An exact copy of all the data below is required.

====== EXERCISE INPUTS ======

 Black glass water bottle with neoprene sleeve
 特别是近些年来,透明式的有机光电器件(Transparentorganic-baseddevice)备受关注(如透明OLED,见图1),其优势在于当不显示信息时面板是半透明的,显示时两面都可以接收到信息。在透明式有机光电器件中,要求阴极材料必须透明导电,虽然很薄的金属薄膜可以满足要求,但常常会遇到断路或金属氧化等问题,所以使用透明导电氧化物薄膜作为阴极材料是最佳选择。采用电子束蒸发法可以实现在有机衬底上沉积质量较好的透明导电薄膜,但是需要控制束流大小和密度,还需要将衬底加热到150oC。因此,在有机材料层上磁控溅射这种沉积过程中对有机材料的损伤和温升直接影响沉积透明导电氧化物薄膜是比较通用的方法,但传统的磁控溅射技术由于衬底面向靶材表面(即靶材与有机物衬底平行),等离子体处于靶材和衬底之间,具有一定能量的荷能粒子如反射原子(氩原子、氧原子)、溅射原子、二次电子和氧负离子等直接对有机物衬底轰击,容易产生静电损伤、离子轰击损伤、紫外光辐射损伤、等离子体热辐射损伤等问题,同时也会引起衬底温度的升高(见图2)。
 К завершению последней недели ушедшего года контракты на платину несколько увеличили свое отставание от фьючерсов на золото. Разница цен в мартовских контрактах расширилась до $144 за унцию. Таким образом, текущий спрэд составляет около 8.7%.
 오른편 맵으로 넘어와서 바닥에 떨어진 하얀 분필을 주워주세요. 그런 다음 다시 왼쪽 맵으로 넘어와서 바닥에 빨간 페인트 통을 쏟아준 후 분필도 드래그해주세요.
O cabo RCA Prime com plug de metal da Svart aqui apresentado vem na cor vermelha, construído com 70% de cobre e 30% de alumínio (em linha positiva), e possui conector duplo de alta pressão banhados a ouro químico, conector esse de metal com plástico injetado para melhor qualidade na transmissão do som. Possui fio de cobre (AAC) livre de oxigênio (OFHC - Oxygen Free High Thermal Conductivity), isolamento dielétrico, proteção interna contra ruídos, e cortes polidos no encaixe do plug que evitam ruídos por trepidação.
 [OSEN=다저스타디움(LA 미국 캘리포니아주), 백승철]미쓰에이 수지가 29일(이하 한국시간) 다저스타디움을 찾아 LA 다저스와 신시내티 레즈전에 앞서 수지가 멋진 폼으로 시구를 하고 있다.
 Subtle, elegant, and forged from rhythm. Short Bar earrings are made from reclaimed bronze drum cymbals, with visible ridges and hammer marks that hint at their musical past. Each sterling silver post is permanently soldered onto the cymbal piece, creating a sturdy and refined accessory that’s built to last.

======

#### [SOLUTION FOR THIS EXERCISE]
 Black glass water bottle with neoprene sleeve
 特别是近些年来,透明式的有机光电器件(Transparentorganic-baseddevice)备受关注(如透明OLED,见图1),其优势在于当不显示信息时面板是半透明的,显示时两面都可以接收到信息。在透明式有机光电器件中,要求阴极材料必须透明导电,虽然很薄的金属薄膜可以满足要求,但常常会遇到断路或金属氧化等问题,所以使用透明导电氧化物薄膜作为阴极材料是最佳选择。采用电子束蒸发法可以实现在有机衬底上沉积质量较好的透明导电薄膜,但是需要控制束流大小和密度,还需要将衬底加热到150oC。因此,在有机材料层上磁控溅射这种沉积过程中对有机材料的损伤和温升直接影响沉积透明导电氧化物薄膜是比较通用的方法,但传统的磁控溅射技术由于衬底面向靶材表面(即靶材与有机物衬底平行),等离子体处于靶材和衬底之间,具有一定能量的荷能粒子如反射原子(氩原子、氧原子)、溅射原子、二次电子和氧负离子等直接对有机物衬底轰击,容易产生静电损伤、离子轰击损伤、紫外光辐射损伤、等离子体热辐射损伤等问题,同时也会引起衬底温度的升高(见图2)。
 К завершению последней недели ушедшего года контракты на платину несколько увеличили свое отставание от фьючерсов на золото. Разница цен в мартовских контрактах расширилась до $144 за унцию. Таким образом, текущий спрэд составляет около 8.7%.
 오른편 맵으로 넘어와서 바닥에 떨어진 하얀 분필을 주워주세요. 그런 다음 다시 왼쪽 맵으로 넘어와서 바닥에 빨간 페인트 통을 쏟아준 후 분필도 드래그해주세요.
O cabo RCA Prime com plug de metal da Svart aqui apresentado vem na cor vermelha, construído com 70% de cobre e 30% de alumínio (em linha positiva), e possui conector duplo de alta pressão banhados a ouro químico, conector esse de metal com plástico injetado para melhor qualidade na transmissão do som. Possui fio de cobre (AAC) livre de oxigênio (OFHC - Oxygen Free High Thermal Conductivity), isolamento dielétrico, proteção interna contra ruídos, e cortes polidos no encaixe do plug que evitam ruídos por trepidação.
 [OSEN=다저스타디움(LA 미국 캘리포니아주), 백승철]미쓰에이 수지가 29일(이하 한국시간) 다저스타디움을 찾아 LA 다저스와 신시내티 레즈전에 앞서 수지가 멋진 폼으로 시구를 하고 있다.
 Subtle, elegant, and forged from rhythm. Short Bar earrings are made from reclaimed bronze drum cymbals, with visible ridges and hammer marks that hint at their musical past. Each sterling silver post is permanently soldered onto the cymbal piece, creating a sturdy and refined accessory that’s built to last.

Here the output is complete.